Monday 14 May 2012

Break it down - getting to User Stories with Themes

So the organisation has a goal? Some broad ideals on a roadmap for delivery over the next 18 months / 3 years or whatever.  Thats all very well but what does it mean in real Agile terms.

If you ask the people at the top the detail of what is going into the "Platinum Release" sheduled for next year they won't really know, but they do know that they really really need it to stay ahead of the competition / win that new business etc.

Here this is where you can use some agile terms to get a level of insight and begin the agile breakdown.  I normally propose to organisations that they consider each of these top level milestones on the roadmap and assign "themes" to them which bullet out the contents.  At board level there will be some comprehension that within a certain new product it will have different things in it, and even at this level this is all useful information despite the very broad nature of the content.

If you considered a fictitious Microsoft Office 20XX product to be the next "Product release" then you could think that the "Themes" within could be "Word" "Excel" "Powerpoint" "Outlook" "Frontpage" "Publisher" and "Access".  At board level this is a good enough level of detail; no one is being asked to specify "cross product cut and paste" as a requirement, however even here there are levels of prioritisation that could be deployed as needed; I would suggest Word and Excel are probably more strategically important than Frontpage for example.

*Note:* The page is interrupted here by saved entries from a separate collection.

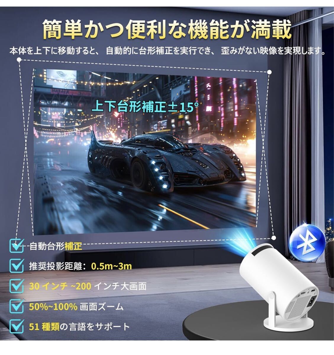 プロジェクター 家庭用 【12025最新進化AndroidTV搭載 ・18000LM・270°回転・4K対応】 接続Bluetooth5.4 1080P高輝度 自動台形補正 短距離投影 プロジェクター 小型 ホームプロジェクター Wi-Fi6瞬時接続 内蔵HiFiスピーカー 天井投影 APP利用可能IOS/Android/パソコン/DVD/PS機/SWITCH接続可 日本語取扱説明書
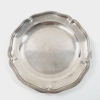 PARIS, 1763 : Plat modèle filets contours en argent 950 mil. Poinçon de charge et décharge pour Paris 1762-1768. Poinçon de la maison commune : Z pour 1763. Poinçon de maître illisible. Diamètres : 25,5 cm. Poids : 601,3 g. Armoiries partiellement effacées, rayures d'usage.
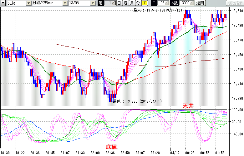 2013/04/12 - tensokoさんの株式ブログ。タイトル:「★4/11 夜間の株価の天底★」 本文:★4/11 夜間の株価の天底★ ↓クリックで画像拡大↓ ※指標ラインの密集点が天底・転換点を示します。指標の見方日経225mini先物チャート : 96ティック足底値 : 13385 (4/11
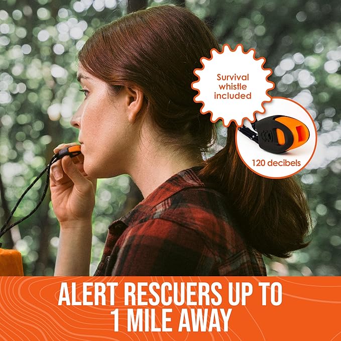 - Incredibly Compact - At 4.1oz, this lightweight thermal sleeping bag bivy won’t weigh you down. It packs down nicely in the 4” x 3” stuff sack and includes a 120-decibel whistle to alert rescuers up to 1 mile away. Perfect for any bivvy or bugout bag.
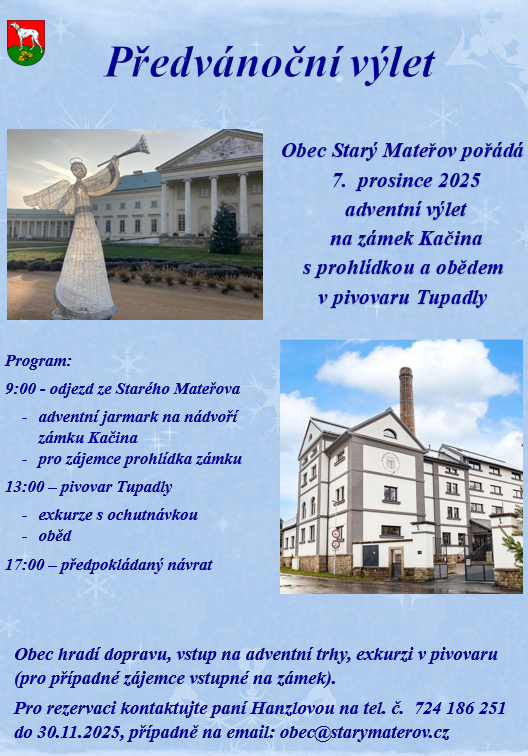 Vzhledem ke zrušeným rezervacím na adventní výlet, nabízíme volná místa. Prosíme zájemce o rezervování na tel. č. 724 186 251
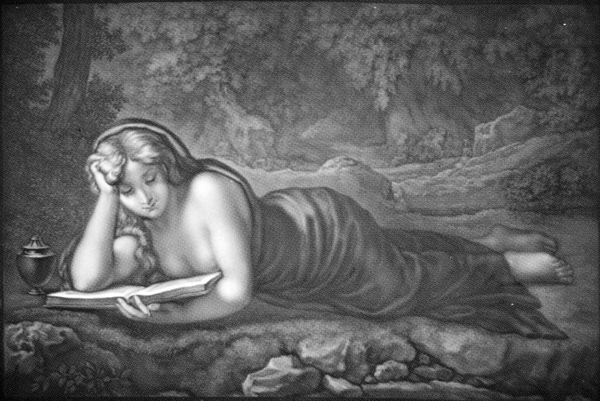 Porzellanmanufaktur Meißen, Lithophanie, Modell Meißen 247, im Preis-Courant bezeichnet: „Magdalena nach Correggio“, nach dem Gemälde von Antonio da Correggio (1489-1534). 16,5 x 24,1 cm.
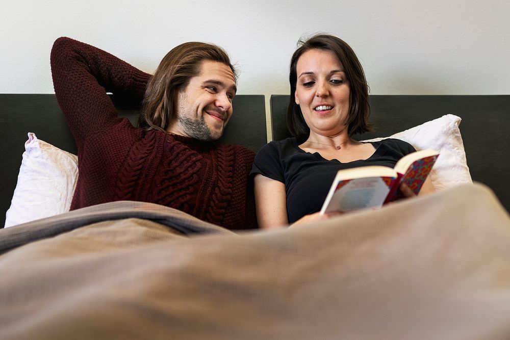 Husband and wife reading in the bed

These "Themes" can be taken on by groups of product owners to start creating "Epic stories" around each theme and in turn, with the help of business analysts and other parties, these epics can be broken down further into "User Stories".

The hierarchy of understanding therefore is as follows:
  • Roadmap
  • Themes
  • Epics
  • User Stories
This can be neatly mapped onto the organisation so that at the top level the CxO view is at Roadmap and Theme; the Product owners/Business Owners at Theme and Epic; and the Product owners/Team members at Epic and User Story level.

As Agile is effectively transparent, when it comes to having to broker the requirements (assuming they don't all fit (as they never do)) then there is a platform whereby, at top level whole branches of the development effort can be measured and considered, as well as the individual components on every branch.  This means that someone could say "we are loosing Frontpage to secure the release" just as easily as "we are loosing cross product cut and paste as we cant afford the complexity".

Themes are not the solution to every project, however do provide a handy "Epic-epic" that is understandable at board level, without the directors having to get involved with "all that agile story mumbo jumbo".